Art Authority is a producer of fine-art reproductions for art museums and consumers. The company evolved from an art education app developed for MacOS and iOS. The app presents art pieces in a virtual museum interface. A K–12 edition for the iPad displays only age-appropriate images. The app's developers acquired online art seller 1000Museums in 2016 and have since integrated its web site and product line into the app and the company.

Development
The Art Authority app was created and maintained by Open Door Networks and Project A. A partnership with Bridgeman Art Library to enable users to order reproductions of works from the app was announced on May 30, 2012 and implemented as Prints on Demand on September 25, 2012.

The app includes a database of 100,000 works of art, over 1,500 artists and over 1000 museums and other art locations, and is used by apps such as Art Alert and the Art Channel on Apple TV.

The app was upgraded for the retina display concurrently with the release of the 3rd-generation iPad.
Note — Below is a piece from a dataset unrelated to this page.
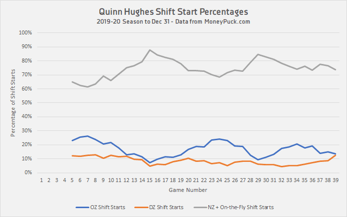 Like QoC, zone starts can be pretty overrated, but once again they provide a good indication of a coach’s trust in a player – specifically offensive versus defensive zone shift starts (which again should be taken with a grain of salt as they account for only 75-80% of shift starts). The following chart plots Hughes’ distribution of shift starts (in 5-game rolling averages) over the course of the season. The last 5-game segment has shown Hughes’ defensive zone shift starts rise to their highest rate all season – and on equal footing with his offensive zone shift starts.

Exploring Art with Art Authority, an e-book companion to the app, was introduced on April 18, 2012. Access to videos for many of the app's major works was added in December, 2013.

Promotion and use
The iPad version of the app has been used in Seton Hill University art history classes since 2010. Art Authority was one of seven applications shown by senior VP Phil Schiller in Apple's January 19, 2012 education-focused special event at the Solomon R. Guggenheim Museum in New York City.

1000museums.com

In August 2016, Art Authority announced that it had acquired art website 1000museums.com, a website that sells archival reproduction prints and which has partnered with the Louvre, the Guggenheim Museum, and the Van Gogh Museum.